WASHINGTON — Atty. Gen. Alberto R. Gonzales, seeking to clear the air surrounding the firings last year of eight U.S. attorneys, is expected to face tough new questions today on Capitol Hill about the Justice Department's replacement of top prosecutors in two other battleground states.
Among other topics, members of the House Judiciary Committee are expected to ask Gonzales about turmoil in the U.S. attorney's office in Minnesota, where a young lawyer, Rachel Paulose, has generated controversy since she was named in 2006 to replace a department veteran, Tom Heffelfinger, who had served under both President Bush and his father.
Lawmakers also want to know whether another former U.S. attorney, Todd Graves of Kansas City, Mo., was forced out last year for not endorsing a voter-fraud lawsuit against Missouri in November 2005. That suit was launched by his successor, a conservative voting-rights advocate from Justice Department headquarters. It was dismissed by a court as baseless.
Heffelfinger, who resigned in February 2006, has said he did so voluntarily and was not aware of any pressure to leave. But congressional staffers confirm that his name appeared at one point on the list of U.S. attorneys to be removed.
Graves departed the following month, and has declined to discuss the circumstances of his departure. "What is going on now in D.C. is a three-ring circus, and I don't want anything to do with it," Graves said in a statement.
Neither man was among the eight U.S. attorneys whose dismissals last year have sparked allegations of political meddling by the White House and Justice Department in corruption investigations and voter fraud cases.
But both worked in states that had close Senate elections in November. Some Democrats have suggested that the Bush administration tried to manipulate Justice Department prosecutions to help tilt close races toward Republicans.
And both were apparently facing pressures from Washington late in their tenures.
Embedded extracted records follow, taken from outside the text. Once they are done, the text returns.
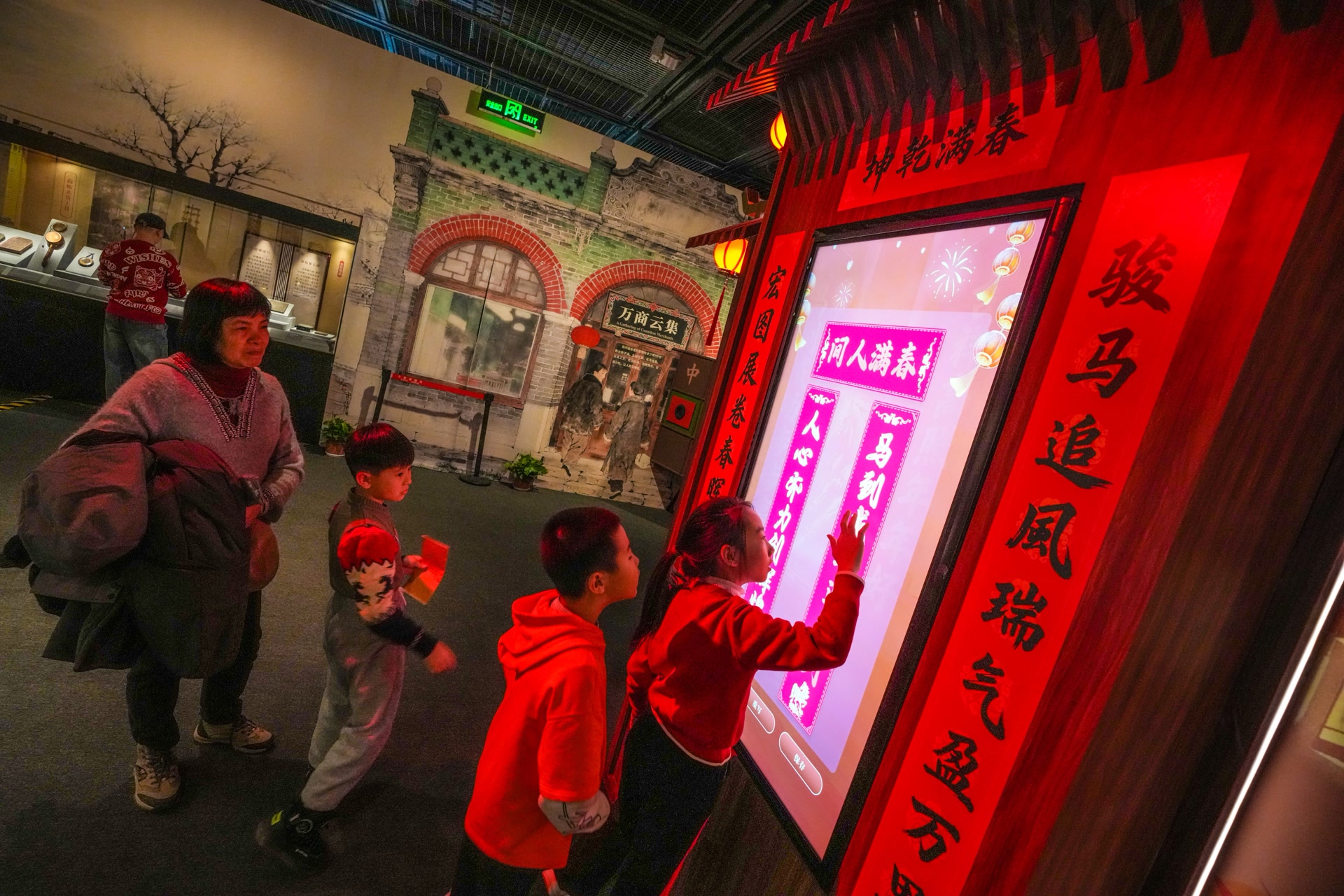 一进展厅,年味儿扑面——红色唱主调,展厅里处处张灯结彩。一面巨鼓上,投影着不停变化的马形象,互动屏里呈现出热闹的舞狮动画,让观众仿佛走进了热闹的庙会现场。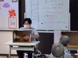 箱の中に手を入れ、触れただけでそれが何であるかを当てていただくゲームです。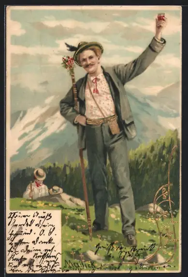Künstler-AK Alfred Mailick: Ein Wanderer hebt das Glas zum Pfingstgrusse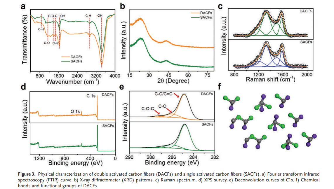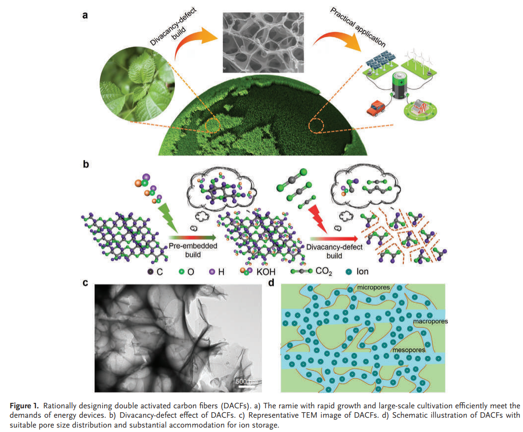Rencently, a excellent work by Prof. Yang Weiqing, Zhang Haitao and Liu Yan have been pubilished at famous academic journal Advanced Functional Materials (IF=16.836). Here, a hierarchically divacancy defect building platform is reported for effectively biomass-transferred and highly interconnected 3D dual-activated porous carbon fibers (DACFs) based on the internal−external dual-activation function of the pre-embedded KOH and CO2 molecular. This uniquely interconnected frameworks not only fully provide the abundant active sites for ion interaction, but also efficiently guarantee the substantial accommodation for ion storage. Based on this, the as-prepared DACFs-based supercapacitors deliver a high energy density of 61.3 Wh kg−1 at a power density of 875 W kg−1 in the EMIMBF4 ionic liquid. This work not only provides a simple and efficient technique to enhance the energy density of carbon materials, but also probably promotes its additional application in environmental remediation.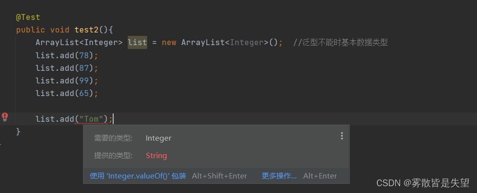 ArrayList<Integer> list = new ArrayList<Integer>(); //泛型不能时基本数据类型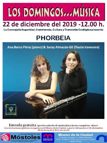 CARTEL 22.12.19Imagen en alta resolución. Este enlace se abrirá mediante lightbox, puede haber un cambio de contextoCARTEL 22.12.19El Museo de la Ciudad organizará el próximo día 22 de diciembre, a partir de las 12 horas, el concierto "Sonatas XIX-XX. El estilo compositivo de Francia y Alemania a través de la Sonata", a cargo de Phorbeia.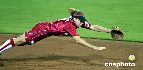 圖為在當?shù)貢r間8月19日舉行的加拿大和澳大利亞壘球比賽中,加拿大選手的精彩表現(xiàn)。

Justice Department e-mails released to congressional investigators in recent weeks indicate that other U.S. attorneys, who were not identified, would have been recommended for dismissal -- if they had not resigned first.
Justice Department officials had unspecified "concerns" about Heffelfinger, according to a lawyer familiar with testimony given to congressional investigators who declined to be identified because the testimony is sealed.